Doctor reports early treatment / research papers advancing Covid treatment protocols suppressed.

Sasha Latypova interviews Dr. Sabin Hazan
Sasha Latypova interviews Dr. Sabin Hazan on protecting against Covid infections with a healthy gut biome

In this very interesting interview, we are introduced to one of the foundations for natural health, gut health, or the healthy condition of a well working digestive system. Dr. Sabine Hazan lays out a fascinating story. As a front line doctor that actually treated her patients for Covid infections, she ran 3 different protocols involving hydroxy chloroquine, and Ivermectin, and witnessed what she calls a ‘crime’ , the suppression of the science that advanced treatment protocols for Covid infections.

Green Liberty supports freedom for doctors to practice medicine. Dr. Hazan was one of the few doctors to actually treat Covid infections. In her practice she homes in on fecal matter to show the importance of healthy gut biome to ward off covid infection.

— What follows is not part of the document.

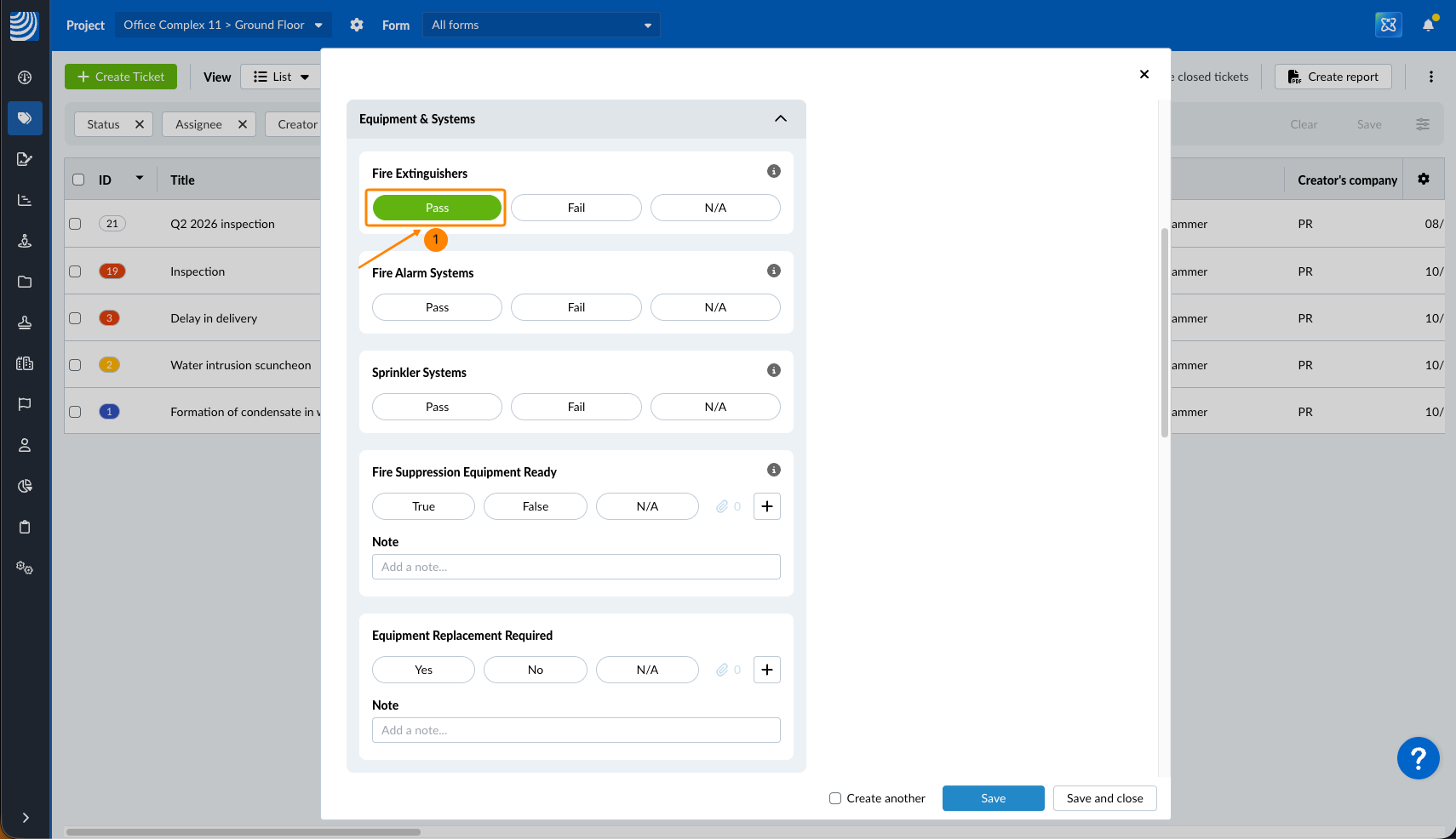 Formularz może mieć niestandardowe pola listy kontrolnej. Umożliwiają one wybór jednej z trzech opcji odpowiedzi oraz opcjonalnych/obowiązkowych notatek lub załączników. Opcje odpowiedzi i kolory można skonfigurować dla każdego pola listy kontrolnej z predefiniowanych zestawów opcji, np. tak (zielony), nie (czerwony) i nie dotyczy (niebieski).

Green Liberty supports integrative / holistic medicine for all and would add knowledge of micro-biome as an element to test for in natural health defense. Medicare for All should mean access to integrative health practices. Each patient is holistically treated and as a baseline measure evaluated for metabolic health as well as evaluated for a health gut biome, and environmental factors as well.

Sasha Latypova, as always, brings an incredible intelligence to a demand for truth and accountability for the Federal Covid Response and its deployment of Covid vaccine counter measures.

Follow the link to Sasha Latypova’s reflection on her interview with Dr. Hazan, find her essay and the link to the interview.

Time did not allow Sasha to discus the records of the genetic sequences of the SARS Cov2 the doctor collected from her patients in the early days of the SARS Cov2. Her scientific study of fecal matter provides a window into the various genomic mutations, or variants of SARS Cov2 her patients were encountering. She collected whole specimen of virus in her patients and has a built a database, or a catalogue of virus specimens which could make for an interesting report on the mutational rate of the virus, and the variant types showing up at the time.

Below is the link to her substack from which the snippet of her essay below comes, and in the link you will find the interview. Click and watch.

https://sashalatypova.substack.com/p/conversation-with-dr-sabine-hazan?r=10ai8


Here is a snippet from Latypova’s essay about her interview with Dr. Hazan. Were you wondering why some people did not get “covid” when taking care of sick family members, or being exposed at work? Same question applies to flu or any other so-called “infectious” disease which never affect any large percentage of the population and always self extinguish. WHY do ivermectin and vitamin protocols work for “covid”? Are microbes dangerous invisible boogeypersons? Do they or don’t they exists at all? Is there a third option? Can viruses be modified in labs and made into biological weapons? When they “leak” from a lab, why do they cross the road and go to the wet market?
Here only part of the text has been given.